Он говорил все это, опустив глаза и с трудом подбирая слова. Мне неловко и стыдно было слушать его, но я молчал, дожидаясь, что будет дальше. Черный Джемс сердито сопел, поглядывая на лейтенанта. А тот угрюмо и нудно бормотал о том, что мы не имеем права рисковать судьбой женщины, что "товарищеская корпорация" протестует против моего поступка, что партизанские действия противны международным законам ведения войны и офицерской рыцарской этике...
Мне надоело в конце концов слушать нотацию Холбрука, и я спросил, повернувшись к негру:
– Вы тоже так думаете, капрал Муррей?
Негр пожал плечами и ответил смущенно:
– Нет, мистер Григорьев, я думаю совсем иначе... Но дело в том, что лейтенант Холбрук приказал мне идти к вам и не предупредил зачем...
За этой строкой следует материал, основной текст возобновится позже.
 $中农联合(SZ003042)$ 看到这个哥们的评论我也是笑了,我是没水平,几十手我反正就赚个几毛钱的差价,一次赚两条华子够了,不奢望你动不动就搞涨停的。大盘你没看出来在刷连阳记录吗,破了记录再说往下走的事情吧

Тут впутался доктор Гарри и стал говорить, что нам нечего совать свой нос в домашние дела чехов - он так и сказал: "в домашние дела", - что мы все уже свершили свой солдатский долг и что нам, дескать, остается спокойно и мирно дожидаться конца войны, пользуясь гостеприимством Ридушки...
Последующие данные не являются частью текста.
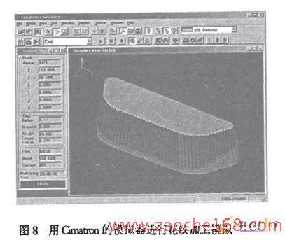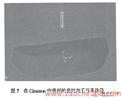 利用Cimatron软件的加工模拟功能,生成的侧花纹刀具加工路径如图7所示,加工模拟出来的侧花纹效果如图8所示。

Одним словом, они долго уговаривали меня, пытались даже угрожать, но я сказал им, что у меня как у советского офицера есть свои понятия о солдатском долге и что я сам поговорю с товарищами и узнаю мнение Ридушки. Когда американцы уходили, негр задержался, украдкой пожал мне руку и шепнул тихонько:
– Не верьте им, мистер Григорьев. Никто из товарищей не знает об их приходе, и все восхищаются вашим поступком...
Потом я поговорил с друзьями и понял, что они настроены по-иному. На другой день вернулся Дик Смайлз и молча выложил перед нами изрядно потертый, но вполне исправный парабеллум и воинскую книжку с именем унтерштурмфюрера Иоганна Зеннера. Оказывается, Дику даже не пришлось пускать в ход ружье, так как он подкараулил пьяного Зеннера у ворот придорожной корчмы и прикончил немца садовым ножом.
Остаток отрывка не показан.